I have read and heard a fair amount of people lamenting that General Conference cannot really do anything anyways. Revival in the United Methodist Church will start on the local level. While I strongly agree that the local congregation is at the heart of our future, I think the General Conference can set the tone, point the way, and set up the denomination to empower, equip, and enable local congregations for our mission as a church.
Empower the local church – I do not think that the General Conference or the annual conferences are responsible for the decline in vitality many congregations are experiencing. Sure if either had done things differently in the past, things might be different now, but who is to say in what ways, what extent, and to what end? Local congregations are struggling for a variety of reasons. Larger cultural forces are at work. Theological and spiritual issues are part of the problem. Ask ten different pastors about why we are declining in vitality and you would probably get ten slightly different answers.

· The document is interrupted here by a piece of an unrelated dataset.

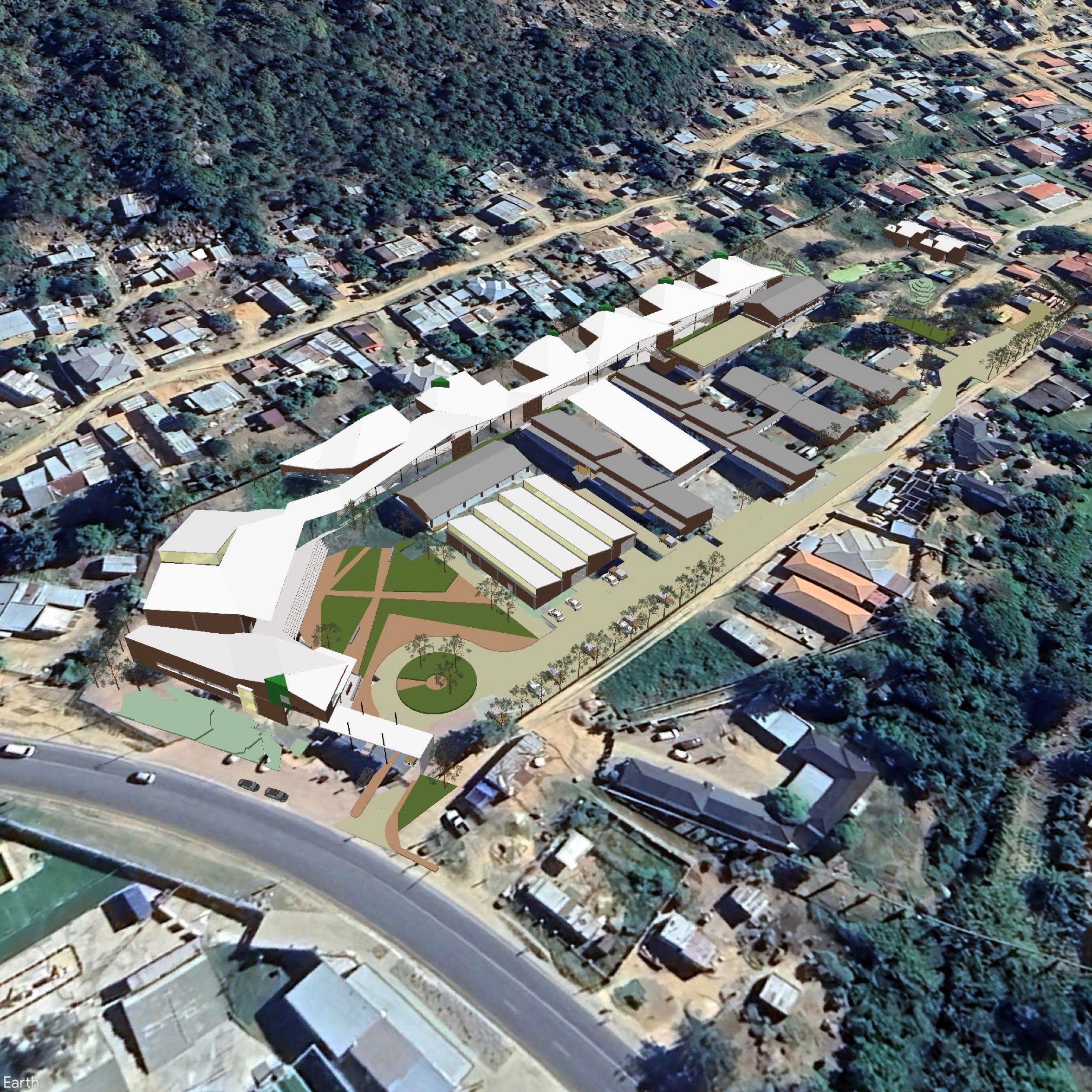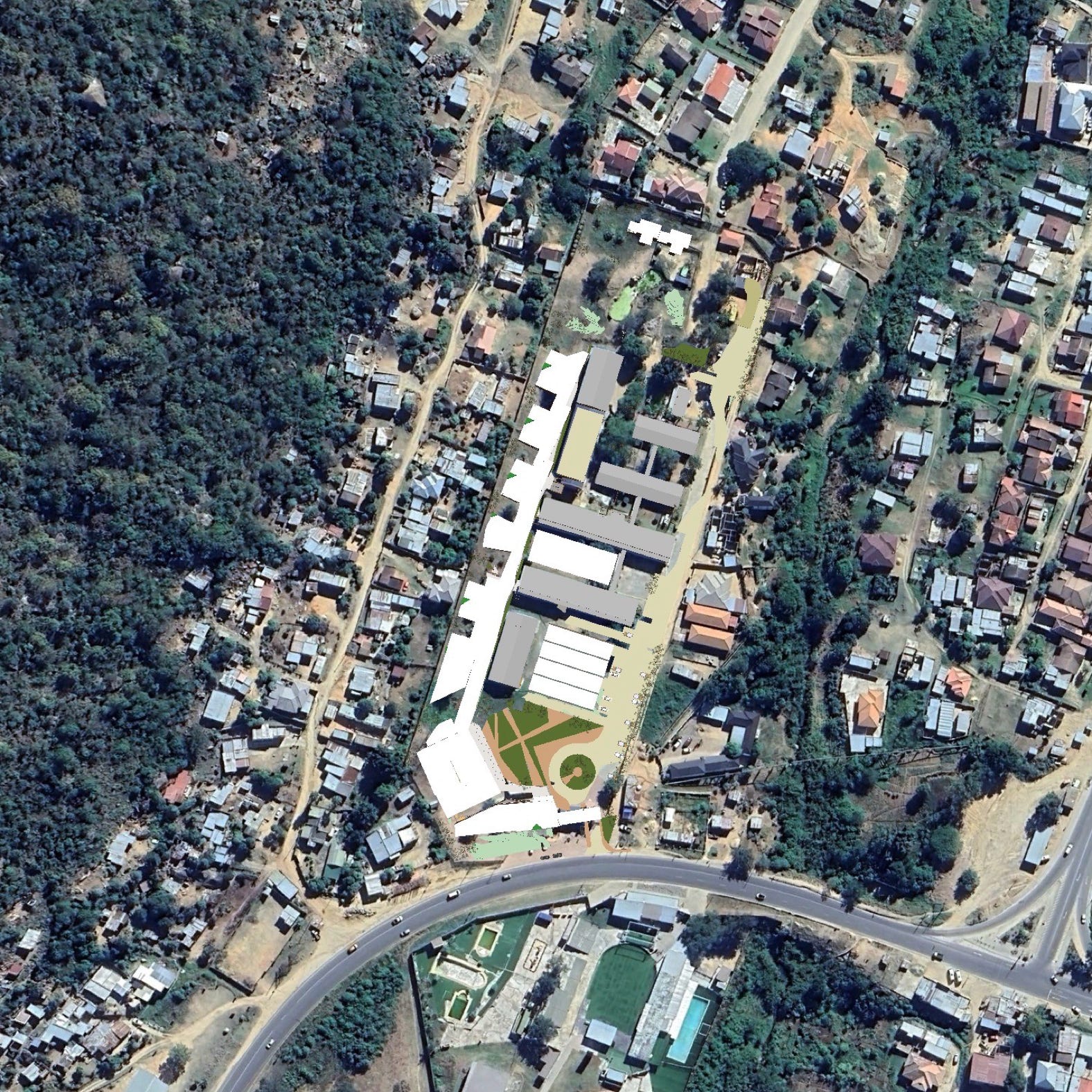 The existing faciity in Kanyamazane, Mombela, is a outdated vocational training school and the project seeks to both treble the teaching space and create a genuine campus environment, with a range of supporting facilities, for 1200 students. The site is partially bounded by informal settlement: along this boundary, a necklace of administration, hall, library lecture theatres and classrooms on two levels, is linked by a wandering, deep, veranda, overlooking the upgraded existing buildings.

My hope though is that we can continue to shape the General Conference and annual conferences to empower, equip, and enable local congregations. We should try hard to ensure that we focus our money, time, energy, and resources on local congregations. Local congregations, by the grace of God, are where disciples are made and the real power to transform the world can be found. Any ministry, agenda, or line item that is not equipping, empowering, and enabling the local congregation, in some reasonable way, is distracting us and ultimately taking away from the local congregation.
Summary – While very general, these are my hopes for the United Methodist church. As we continue to envision, dream, and talk, it is my hope that we work on focusing on our primary purpose as a church. We will hopefully define what we mean by discipleship and think about how we can as a connection better able to create environments where disciples are made and people grow in discipleship by the grace of God. Our church and structure is way too complicated and I hope we can work towards simplicity. I hope any proposals for restructure brought to General Conference in 2016 has an accompanying vision. If we believe our primary purpose is to make disciples of Jesus Christ for the transformation of the world then we need to empower, equip, and enable the local congregation.